Пэйринг и персонажи
Описание
Это зарисовка признания в любви СиЧенов в моей интерпретации.
Примечания
•Немного изменил канон и решил, что верной будет деталь смены цвета глаз. Здесь у Лань Сиченя они карие, а у Цзян Чена- холодные серые.
•Iterum amare- (лат.)- Вновь полюбить
•Aurora novae carminis orta-( лат.)- Забрезжил рассвет моей новой поэмы
•Glacies doloris crepuit sub flamma cordis- (лат.)- И треснул лëд боли под пламенью сердца
•Цзян Чен не может упомянуть Вэй У Сяня без слов "черт бы его побрал", " будь он трижды проклят" или "будь он неладен". Такая уж у него манера, что поделать ¯\_(ツ)_/¯
Посвящение
Посвящается моему маленькому личному Солнцу.
"Glacies doloris crepuit sub flamma cordis"
17 декабря 2021, 12:39
-Я ужасен!

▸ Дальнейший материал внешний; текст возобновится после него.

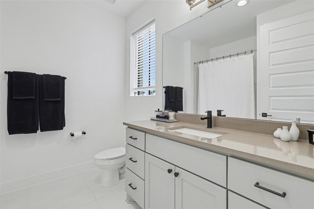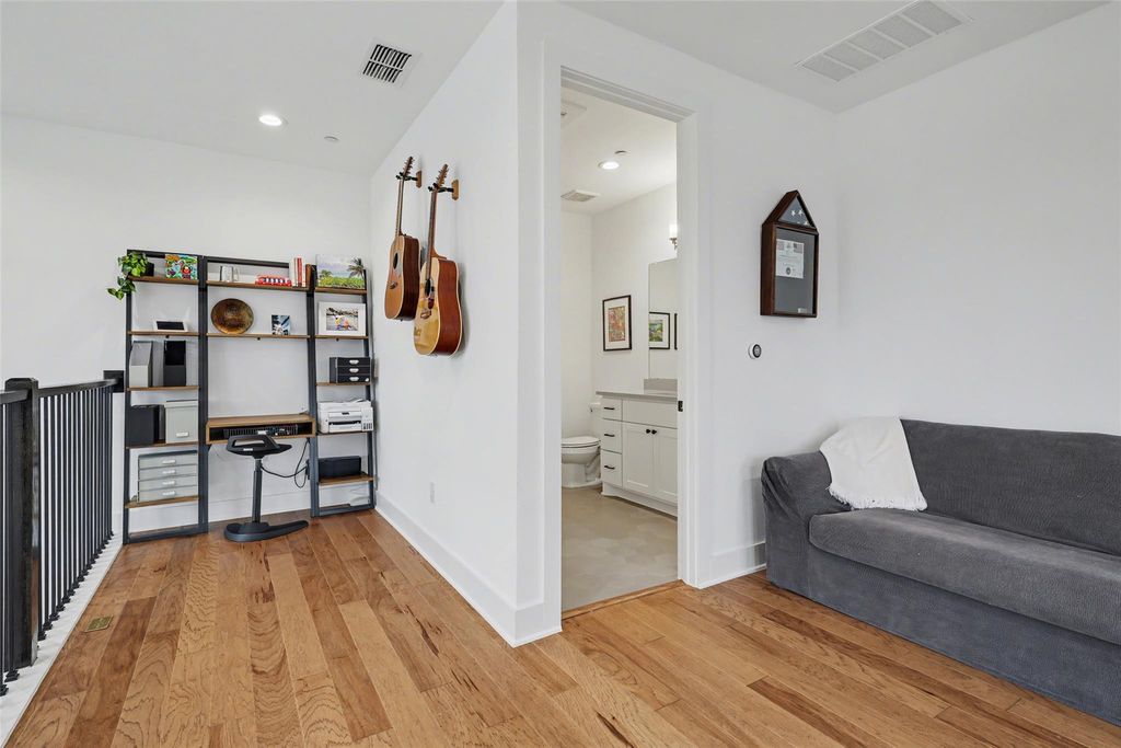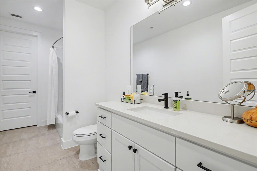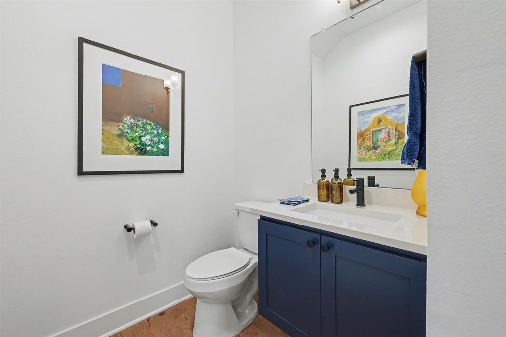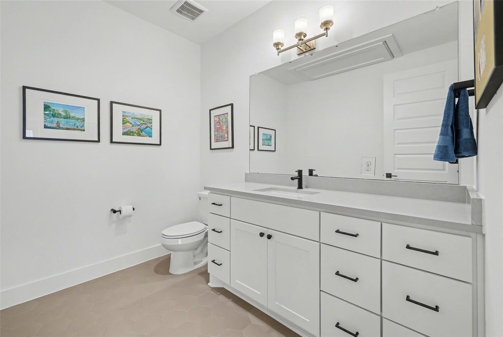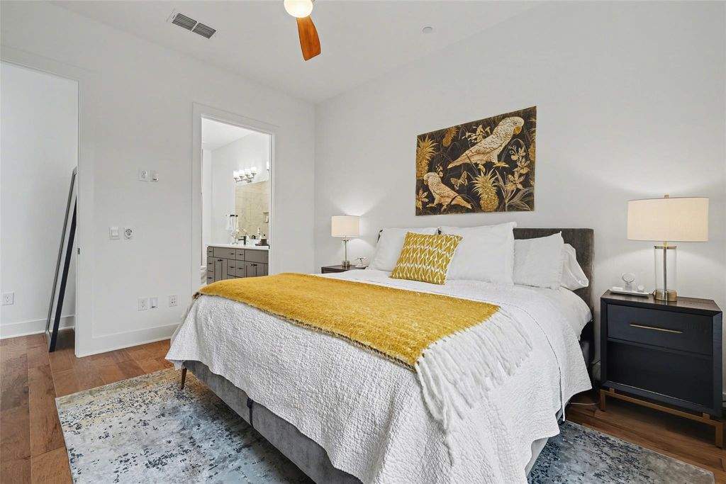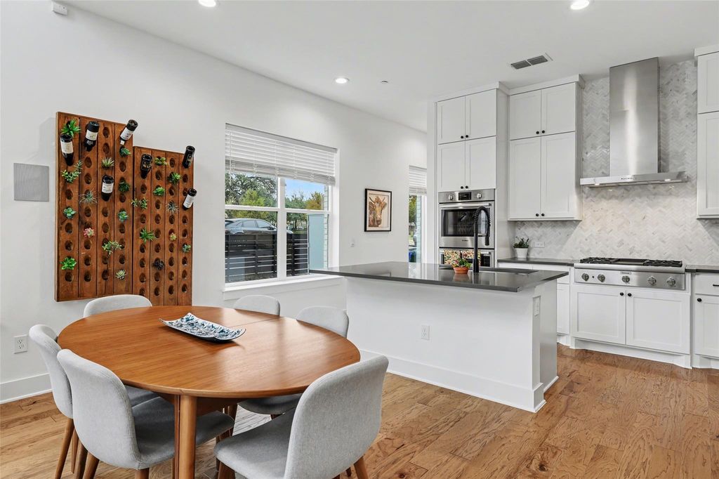Impeccably maintained three-story brick condo in The Grove, filled with abundant natural light and offering a desirable end-unit location with both a fenced front yard and a rare side yard, a combination not often found in the community. This residence has been superbly cared for, shows like new, and offers a true lock-and-leave lifestyle paired with a two-car garage for everyday convenience. Inside, the home is thoughtfully designed with three distinct living areas, soaring ceilings, eight-foot doors throughout, high-end finishes, and beautiful hardwood floors that create a clean, modern, and elevated feel. The main level is anchored by a spacious primary suite with a luxurious ensuite bath, providing comfort and privacy, while the chef's kitchen opens seamlessly to the family room with dramatic ceiling height, making the space ideal for both refined entertaining and relaxed daily living. A well-placed half bath completes the main floor. The second level offers two generously sized bedrooms, each with its own full bath, along with an additional living area that works beautifully as a media room, lounge, or secondary gathering space. The third level adds exceptional flexibility, featuring an open area ideal for a home office, workout studio, or retreat, a large half bath, and direct access to an expansive terrace, perfect for unwinding, hosting guests, or enjoying quiet outdoor moments. Located within The Grove, a thoughtfully planned mixed-use community known for its architecture, curated dining, walkability, and green spaces, this home offers easy access to downtown Austin, The Domain, and major commuter routes. A rare opportunity to enjoy low-maintenance luxury living with privacy, flexibility, and timeless design in one of Austin's most desirable neighborhoods.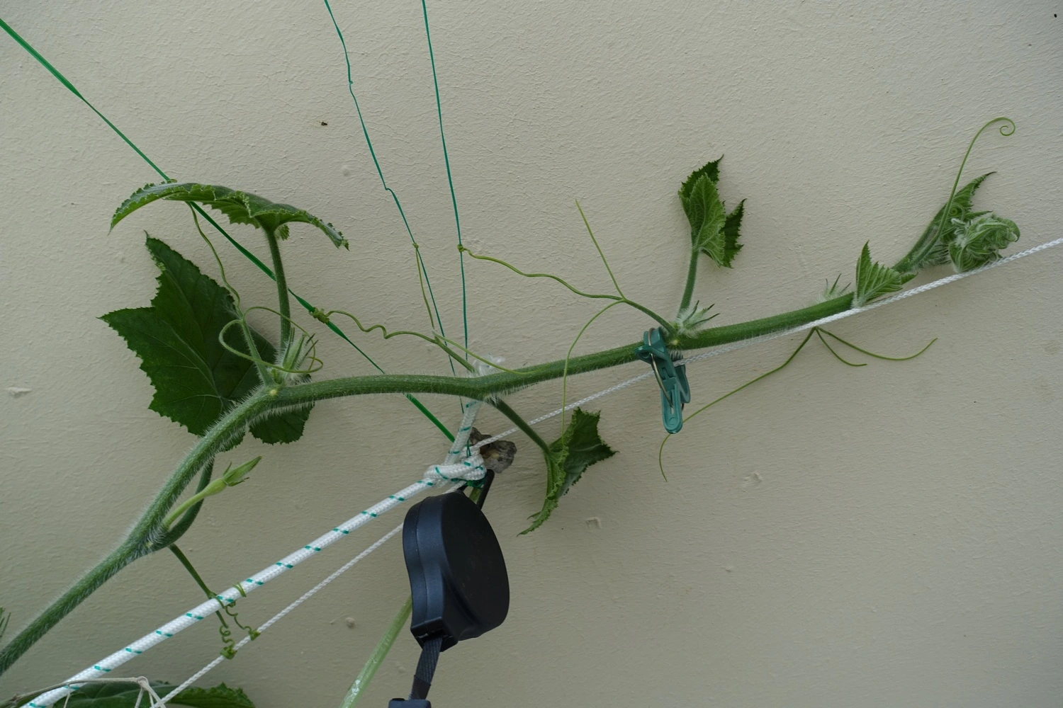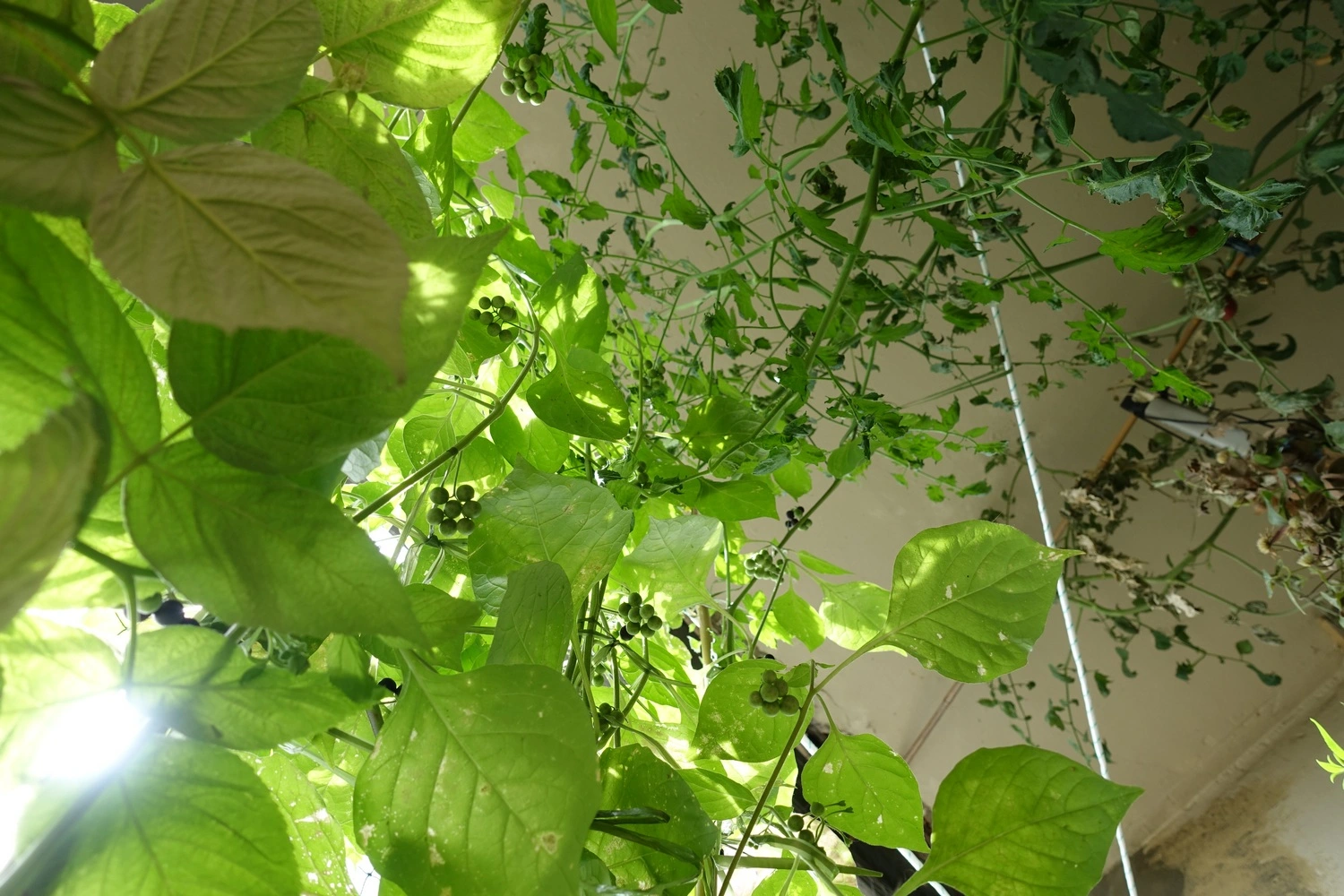 Die Trombonchino ist ja längst an der Decke angekommen und schlängelt sich nun immer weiter im Versuch, die Eingangstüre zu erreichen. Bisher gab es aber nur männliche Blüten. Überhaupt ist die breitere rechte Seite inzwischen auch deckenmäßig begrünt. Gefällt mir gut.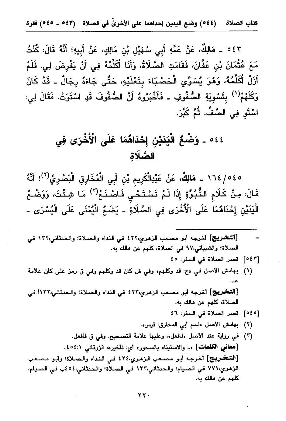 ٥٤٣ - مَالِكٌ، عَنْ عَمِّهِ أَبِي سُهَيْلِ بْنِ مَالِكٍ، عَنْ أَبِيهِ؛ أَنَّهُ قَالَ: كُنْتُ مَعَ عُثْمَانَ بْنِ عَفَّانَ، فَقَامَتِ الصَّلَاةُ، وَأَنَا أُكَلِّمُهُ فِي أَنْ يَفْرِضَ لِي. فَلَمْ أَزَلْ أُكَلِّمُهُ، وَهُوَ يُسَوِّي الْحَصْبَاءَ بِنَعْلَيْهِ، حَتَّى جَاءَهُ رِجَالٌ - قَدْ كَانَ وَكَلَهُمْ (١) بِتَسْوِيَةِ الصُّفُوفِ - فَأَخْبَرُوهُ أَنَّ الصُّفُوفَ قَدِ اسْتَوَتْ. فَقَالَ لِي: اسْتَوِ فِي الصَّفِّ. ثُمَّ كَبَّرَ.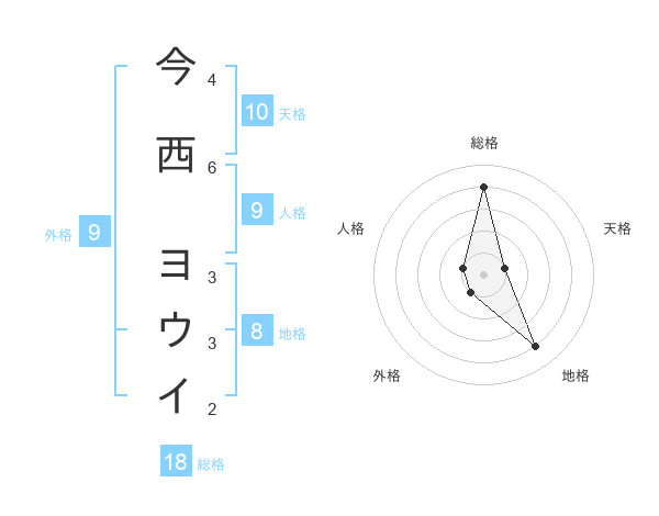 今西 ヨウイさんを姓名の画数から五運を鑑定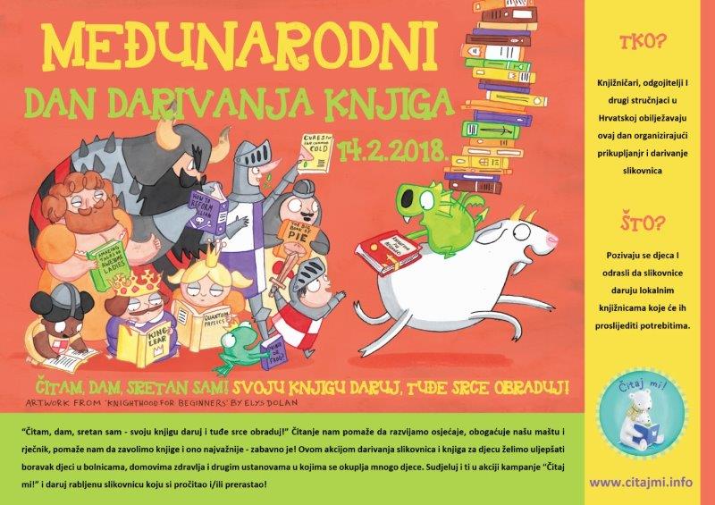 Ujedno vas pozivamo na obilježavanje Međunarodnog dana darivanja knjiga (14.2.2018.) tako što pozivamo djecu i odrasle da donesu slikovnice koje više ne koriste u svoju Gradsku knjižnicu i čitaonicu Slatina, Šetalište Julija Burgera 1, Slatina.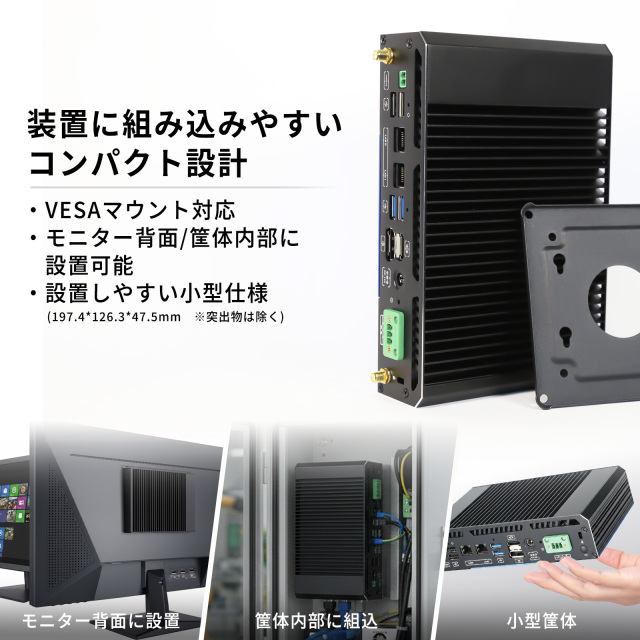| インターフェース | USB3.0×4、USB2.0×2、HDMI×1、DisplayPort×1、LAN×2、COM(RS23 2/RS485)×2、AUDIOコンボジャック×1、DC12V入力×1、フェニックス端子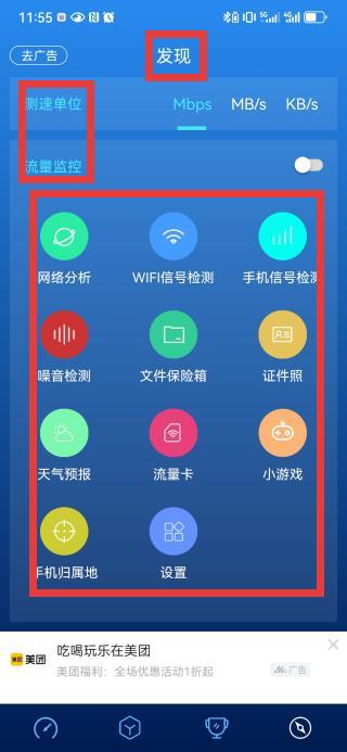 3、发现界面顶部有去广告、发现按钮、测速单位切换栏、流量监控开关,及网络分析、WiFi信号检测等功能入口,还有美团广告,汇聚测速外的实用工具与拓展服务。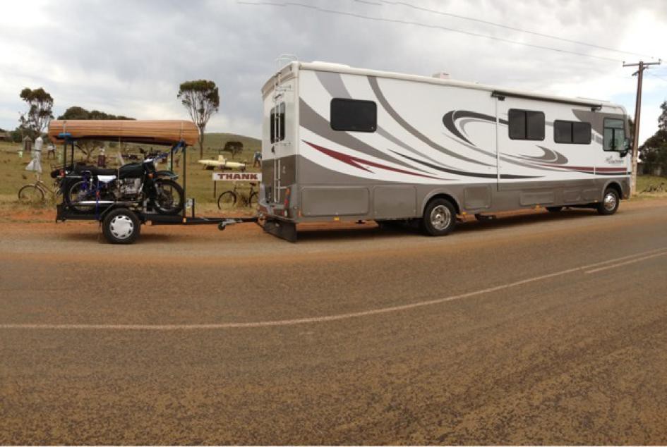 The rig on the highway. Sidecar outfit provides touring and shopping once we're settled. The canoe is a home built 18' cedar plank canoe cut in half to fit the trailer. Bolted together once it's on the beach to go exploring or fishing.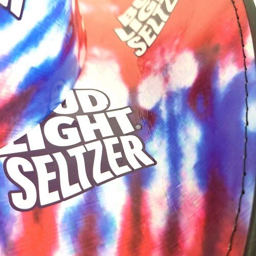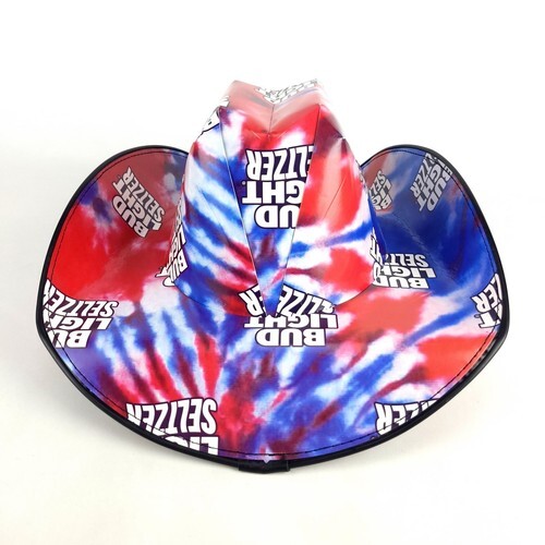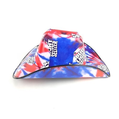 Bud Light Seltzer Americana Cowboy Hat has all-over print label design. Features 1/4" black PVC Trim all around the edge of the brim, and 5/16" Steel rivet/vent holes.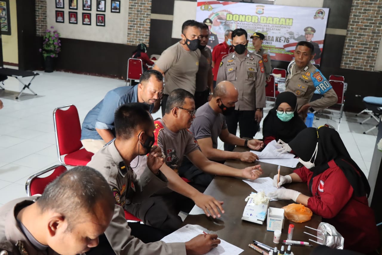 Kegiatan donor darah, selain menjadi rangkaian Hut Bhayangkara Ke-76 tahun ini juga merupakan wujud nyata kepedulian polres jeneponto terhadap masyarakat yang membutuhkan pasokan darah terlebih di masa pandemi covid-19 seperti ini,sekaligus untuk membantu ketersediaan stok darah di PMI cabang jeneponto.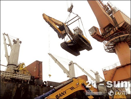 三一挖掘機裝船,準備發往非洲
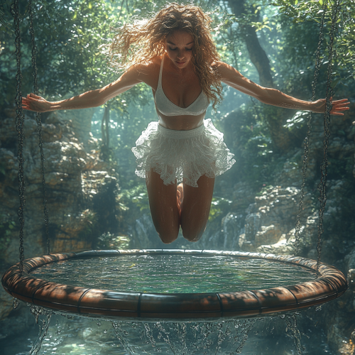 a woman jumps from a trampoline with arms held up and together diving up in the air portrayed just before hitting the surface of the water, intricate details, photorealistic, cinematic, hdr --v 6.1 --s 750

Невыносим! Так смеешь ли ты, Глава Лань, говорить со мною о любви!? Никто и никогда не полюбит меня! Это невозможно! Я- ничтожество, недостойное смерти, так можешь ли ты, я тебя спрашиваю, говорить эти тошнотворные слова!?
Сердце Цзян Чена ударяло по рёбрам с такой силой, что становилось невыносимо больно просто от осознания тяжести органа, качающего кровь. Мужчина рвано дышал, и грудь его поднималась с завидной частотою, а непрошенные, злые слезы великой обиды на жизнь текли по чуть покрасневшим щекам, оставляя тонкие мокрые дорожки. Он, смаргивая их, помотал головой, а затем с каким-то отчаянием коротко заглянул в глаза Лань Сиченя, уже успевшего к этому моменту вскочить с места и нерешительно протянуть руки к несчастному заклинателю.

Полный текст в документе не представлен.